Frustrated at not seeing Ana de Armas in Danny Boyle’s “Yesterday” movie that they had rented, even though she is present in the trailer, two fans of the actress have just filed a complaint against Universal .
In the country where legal cases are a real lucrative business for armies of lawyers, it happens from time to time on the Hollywood office of the rather astonishing complaints. Like the one just filed by two fans of Ana de Armas against Universal, reported by variety.
The reason ? Having rented Danny Boyle’s film Yesterday on Amazon Prime, they didn’t appreciate the fact that the actress was cut during the film’s editing, even though she appears in the film’s trailer. The screenwriter of the film, Richard Curtis, had also regretted this cut in the editing.

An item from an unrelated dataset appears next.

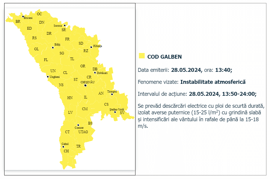 На всей территории Молдовы 28 мая объявлен желтый код. Предупреждение действует с 13:50 до 00:00.

“It was a very traumatic cut, because she was brilliant in it” had he dropped at the site Cinemablend, in an interview published in 2019. “It’s one of those things that happens in our favorite scenes in a movie, but we had to cut it for the good of the whole.”

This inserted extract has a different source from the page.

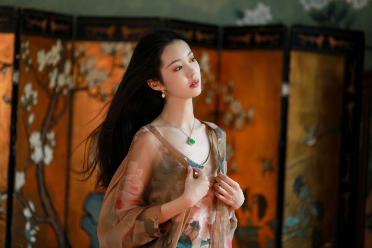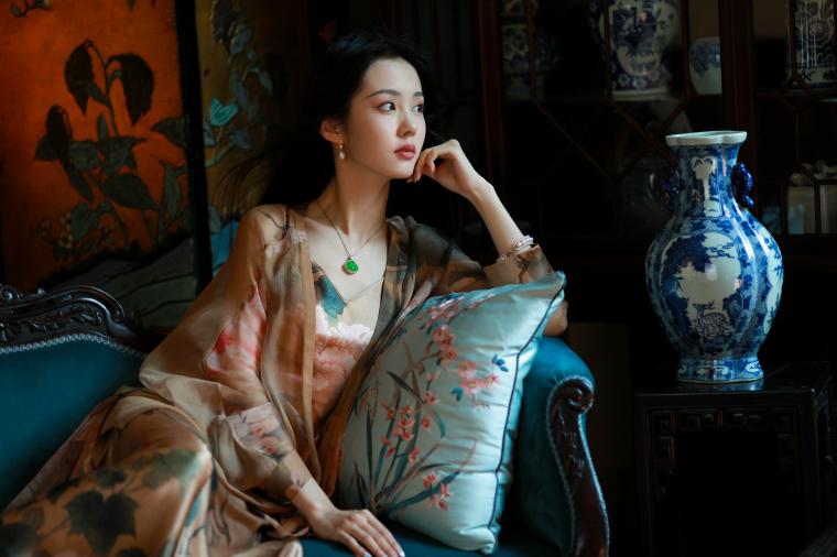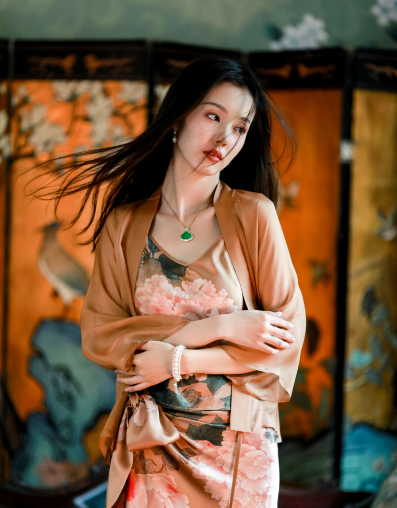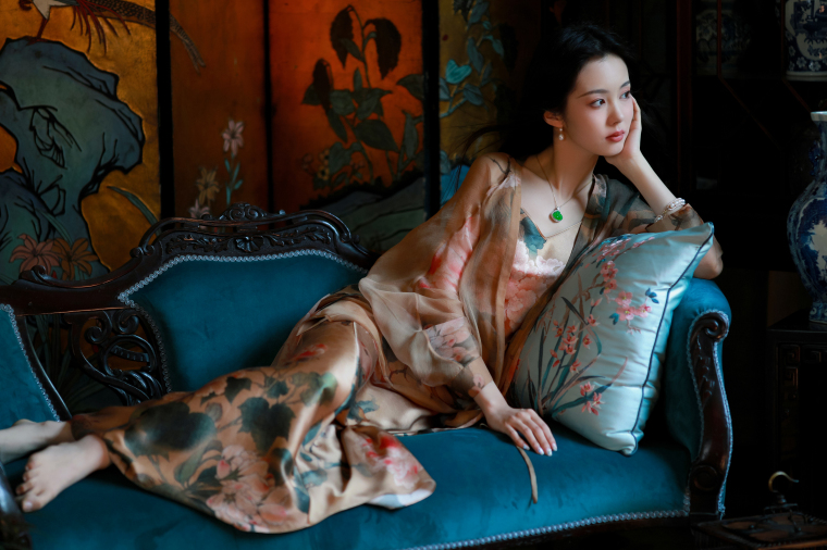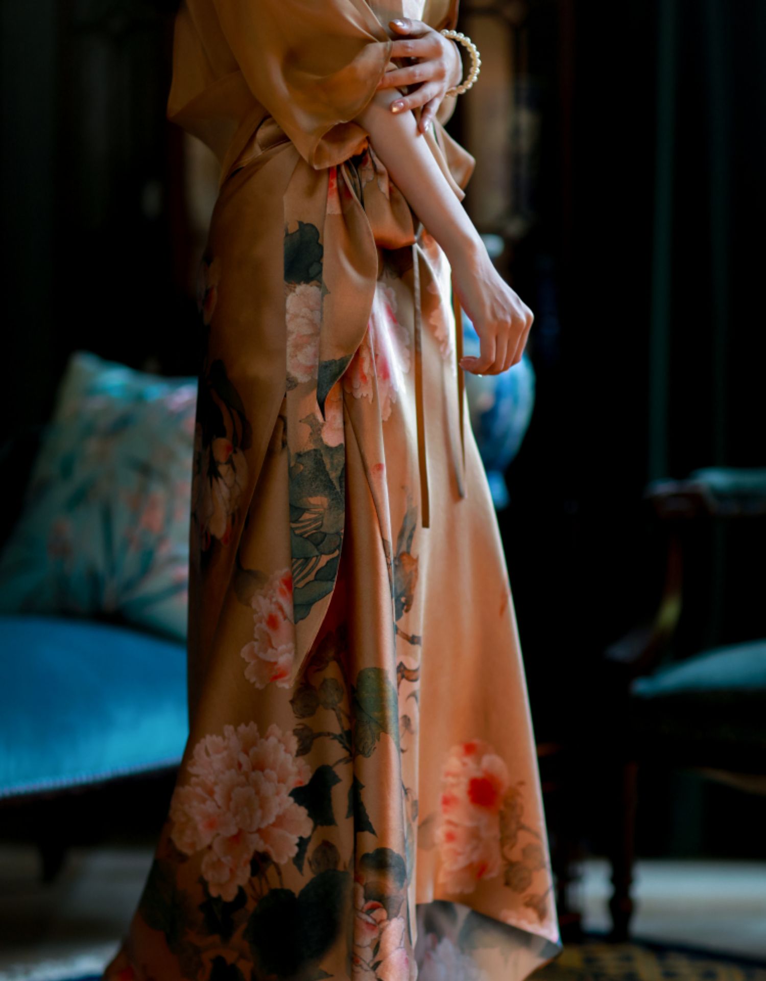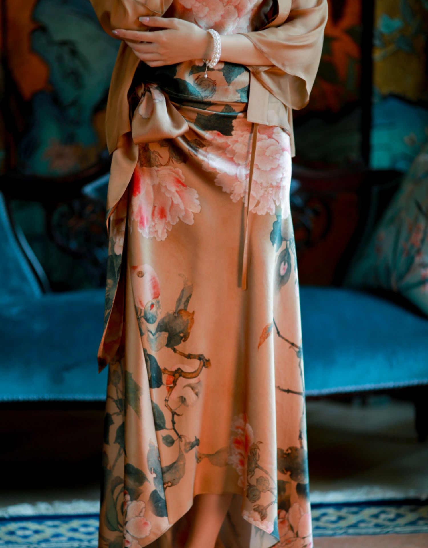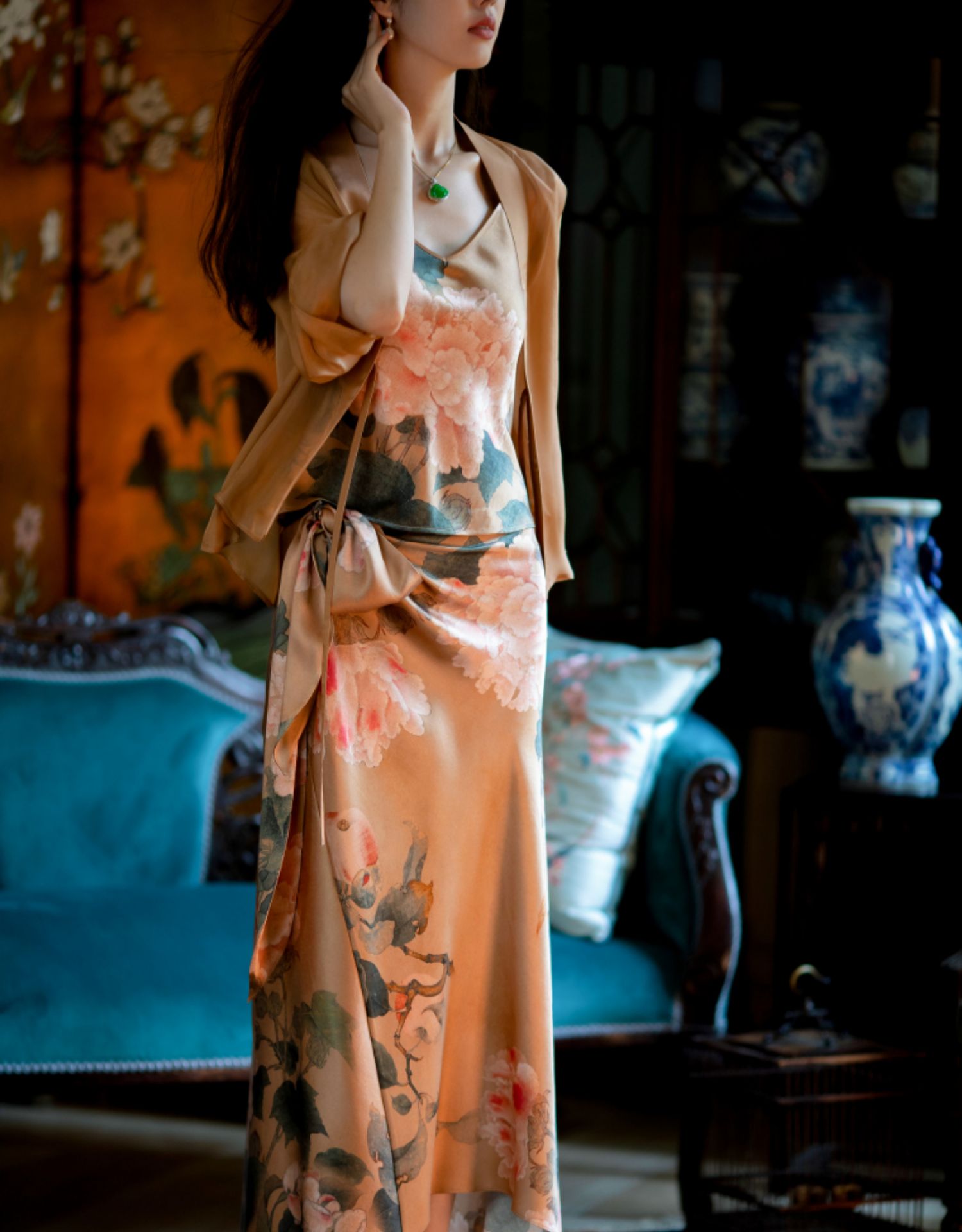 Asaya1570 Painting Curtain Spring Drunken One City Wind Plush Silk Satin Retro Printed Daily Strap and Half Skirt Set Temperament

Below is the trailer for the film…
Still, the two plaintiffs, Conor Woulfe, 38 and from Maryland and Peter Michael Rosza, 44, from San Diego, are therefore attacking the Major for deception, and are asking for 5 million dollars in damages estimated.
Drive, the previous
This complaint is reminiscent of the one filed in 2011 by an American woman against District Film, the distributor of the film Drive by Nicolas Winding Refn.

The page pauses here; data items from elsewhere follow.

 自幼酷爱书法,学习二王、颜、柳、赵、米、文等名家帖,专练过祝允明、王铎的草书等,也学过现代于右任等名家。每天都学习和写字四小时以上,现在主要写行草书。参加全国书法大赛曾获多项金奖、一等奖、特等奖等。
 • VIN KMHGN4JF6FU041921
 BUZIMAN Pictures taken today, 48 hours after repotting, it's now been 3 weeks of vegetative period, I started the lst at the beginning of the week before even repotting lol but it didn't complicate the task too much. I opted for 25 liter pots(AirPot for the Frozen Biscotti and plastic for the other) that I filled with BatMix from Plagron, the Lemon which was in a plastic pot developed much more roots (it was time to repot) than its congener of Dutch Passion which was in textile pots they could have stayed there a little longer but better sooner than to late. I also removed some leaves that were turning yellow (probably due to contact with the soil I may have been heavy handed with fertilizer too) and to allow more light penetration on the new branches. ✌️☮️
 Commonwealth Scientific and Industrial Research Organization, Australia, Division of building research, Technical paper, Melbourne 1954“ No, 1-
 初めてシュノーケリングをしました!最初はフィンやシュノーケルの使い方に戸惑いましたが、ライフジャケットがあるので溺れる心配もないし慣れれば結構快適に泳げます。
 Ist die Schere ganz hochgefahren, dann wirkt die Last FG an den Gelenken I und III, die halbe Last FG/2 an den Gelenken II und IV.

She too had felt that the trailer for the film had hinted at a work in the vein of a Fast & Furious. Clearly, it lacked for her pursuits, stunts galore and hyper-tuned cars… “Drive shares very few similarities with car chases seen in an action movie, […] and there are few driving scenes” specified the complaint.
As long as charging the mule, the complaint further asserted that Drive “contains defamatory racism against members of the Jewish community, thereby promoting violence against the Jewish community”… The interested party even tried to beat the recall so that her complaint turns into Class Action, without success.
Can a trailer be false advertising?
Is this type of complaint abusive? Founded? Is this specific to the United States, or is the same thing possible in France? Can a movie trailer become false advertising?
We contacted two lawyers for advice. Elisabeth Mâche, from the firm Lawyer, specialized in the various fields of creation and in particular in copyright and digital law; as well as Frédéric Calinaud, founder of firm of the same name in 2013. Cross interviews.
Elisabeth Marchac: In France, there has not yet been a case of complaint on this subject. It is a very Anglo-Saxon approach for the moment to make an appeal for “non satisfaction” or “no promise kept”. For the moment, the American courts have not ruled that a trailer falls within the scope of the application of the American consumer code.
Including a mention of “non-contractual images” is complicated: a trailer is considered a cinematographic work and a self-promotion tool, and not an advertising tool. It does not qualify as an advertising work in France. In fact, we escape the recourse of misleading or unfair advertising.
The definition of the trailer and the regime of the trailer is not provided for by the cinema code. There is no strict definition. It’s a gray area. The CNC is competent in terms of classification vis-à-vis the public to which the trailer is addressed. But he does not have the competence to judge the quality of the content and whether the images correspond to the film.
In France, the question arises more on copyright than on the public interest. The legal angle that would have interested me is that of a filmmaker who would bring an action for infringement of his moral rights or non-respect of his work vis-à-vis a trailer. We would be there on a problem of denaturation of an original work. But for the moment, there has been no case law.
Frederic Calinaud : There is also a difference between choosing the images that best sell a film or an atmosphere, trying to pass off a film for what it is not in order to sell tickets, and trying to voluntarily confuse the viewer for the to lead on false tracks in terms of scenario. Which is the case with Avengers.
There is a very fine line between the desire to sell and the approach of not spoiling or surprising the viewer. Legally, it is complicated to determine. The Avengers case is pure marketing. We are addressing a very informed public who spend hours deciphering, decoding and commenting on each image.
This approach to deciphering trailers is something quite recent. And therefore to find images that are not in the final film, or that are modified. But if we go back in the history of cinema, a lot of classic trailers probably have the same concern. The same goes for the operating photos that were displayed in front of cinemas at the time. And no one cried foul, no one felt cheated not to find a specific image in the film.
The phenomenon is especially exacerbated by the web, by the fact that a blockbuster has three or four trailers, not counting the international trailers… Perhaps this visual overbidding has generated an overbidding in frustration.
Elisabeth Marchac: The question in the end is who would benefit from acting and against whom to turn. Which is complex, even more so when you know that trailers vary from country to country in terms of content and duration. We must also add to this that not everyone understands a film in the same way…
Indicating “non-contractual images” therefore distorts the very notion of a work. It is characteristic of a work to leave room for the imagination: enclosing a trailer in contractual clauses would risk contractualizing all the stages of creation. I don’t think it’s the solution to legislate everything. Especially when it comes to artwork.